- _Exercise objective_: Output the data below only from the line containing "The monkeys looked" up to and including the line containing "Brand-new 2024 2-story", exact and with the pictures left out.

- _Data provided_:
########
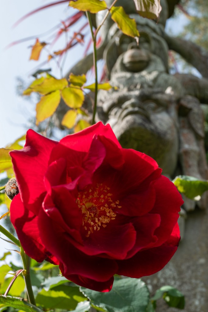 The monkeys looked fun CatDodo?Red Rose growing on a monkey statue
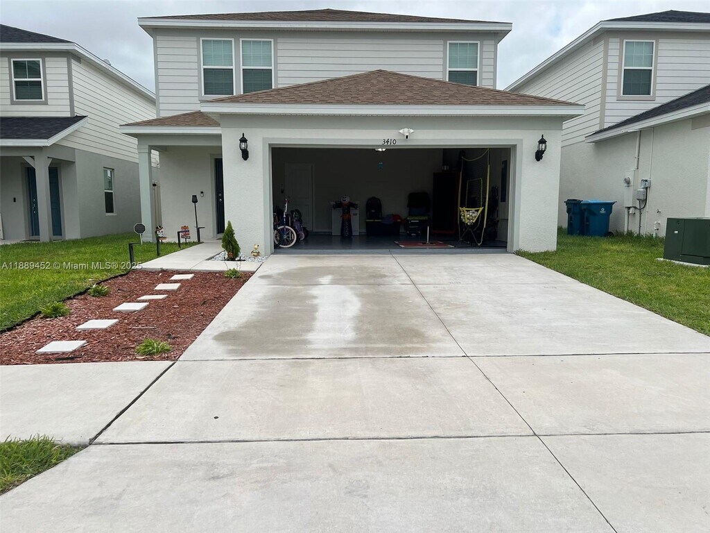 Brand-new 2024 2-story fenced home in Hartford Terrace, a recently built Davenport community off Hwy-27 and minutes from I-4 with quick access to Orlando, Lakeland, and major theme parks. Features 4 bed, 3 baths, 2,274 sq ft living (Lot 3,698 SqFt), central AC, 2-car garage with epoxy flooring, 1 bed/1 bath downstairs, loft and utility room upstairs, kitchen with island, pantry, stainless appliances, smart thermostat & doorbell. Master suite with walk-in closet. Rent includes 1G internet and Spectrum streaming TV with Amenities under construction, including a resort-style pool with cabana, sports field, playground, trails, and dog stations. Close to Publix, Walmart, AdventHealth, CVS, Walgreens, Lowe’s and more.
########
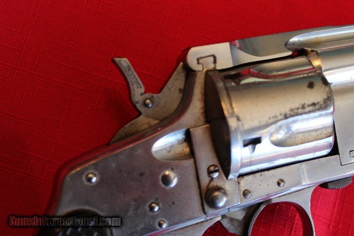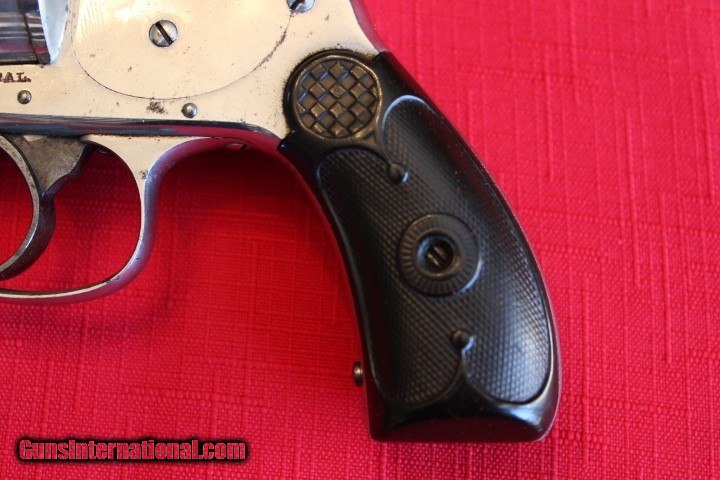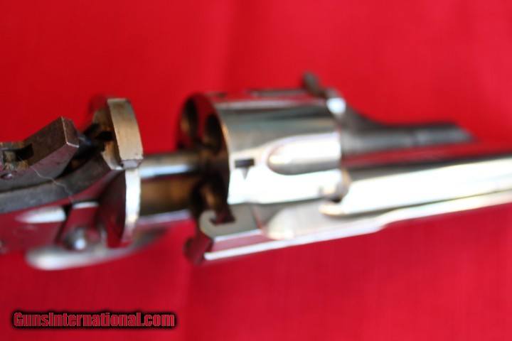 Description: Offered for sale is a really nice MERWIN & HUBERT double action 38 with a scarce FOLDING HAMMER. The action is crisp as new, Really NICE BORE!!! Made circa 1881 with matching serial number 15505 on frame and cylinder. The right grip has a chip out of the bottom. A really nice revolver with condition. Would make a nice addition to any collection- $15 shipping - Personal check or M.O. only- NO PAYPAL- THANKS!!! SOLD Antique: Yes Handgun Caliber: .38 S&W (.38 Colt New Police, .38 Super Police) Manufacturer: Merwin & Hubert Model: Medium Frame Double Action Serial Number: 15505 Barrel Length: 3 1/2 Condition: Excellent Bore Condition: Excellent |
########
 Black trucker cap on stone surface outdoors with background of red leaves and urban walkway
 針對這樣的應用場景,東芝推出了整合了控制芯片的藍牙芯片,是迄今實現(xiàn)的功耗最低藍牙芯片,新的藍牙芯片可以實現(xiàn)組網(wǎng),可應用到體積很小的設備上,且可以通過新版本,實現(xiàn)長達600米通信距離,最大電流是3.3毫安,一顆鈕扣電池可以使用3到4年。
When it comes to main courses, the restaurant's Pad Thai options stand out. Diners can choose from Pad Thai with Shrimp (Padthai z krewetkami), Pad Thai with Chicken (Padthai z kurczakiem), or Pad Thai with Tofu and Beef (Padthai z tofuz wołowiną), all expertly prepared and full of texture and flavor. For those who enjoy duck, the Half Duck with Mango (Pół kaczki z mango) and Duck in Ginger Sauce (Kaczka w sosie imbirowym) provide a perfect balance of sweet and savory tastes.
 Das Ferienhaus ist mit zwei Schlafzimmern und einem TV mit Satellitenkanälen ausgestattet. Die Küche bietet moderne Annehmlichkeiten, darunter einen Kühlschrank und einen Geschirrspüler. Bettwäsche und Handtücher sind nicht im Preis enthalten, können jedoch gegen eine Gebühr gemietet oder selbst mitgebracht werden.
########
- _Task response_:
 The monkeys looked fun CatDodo?Red Rose growing on a monkey statue
 Brand-new 2024 2-story fenced home in Hartford Terrace, a recently built Davenport community off Hwy-27 and minutes from I-4 with quick access to Orlando, Lakeland, and major theme parks. Features 4 bed, 3 baths, 2,274 sq ft living (Lot 3,698 SqFt), central AC, 2-car garage with epoxy flooring, 1 bed/1 bath downstairs, loft and utility room upstairs, kitchen with island, pantry, stainless appliances, smart thermostat & doorbell. Master suite with walk-in closet. Rent includes 1G internet and Spectrum streaming TV with Amenities under construction, including a resort-style pool with cabana, sports field, playground, trails, and dog stations. Close to Publix, Walmart, AdventHealth, CVS, Walgreens, Lowe’s and more.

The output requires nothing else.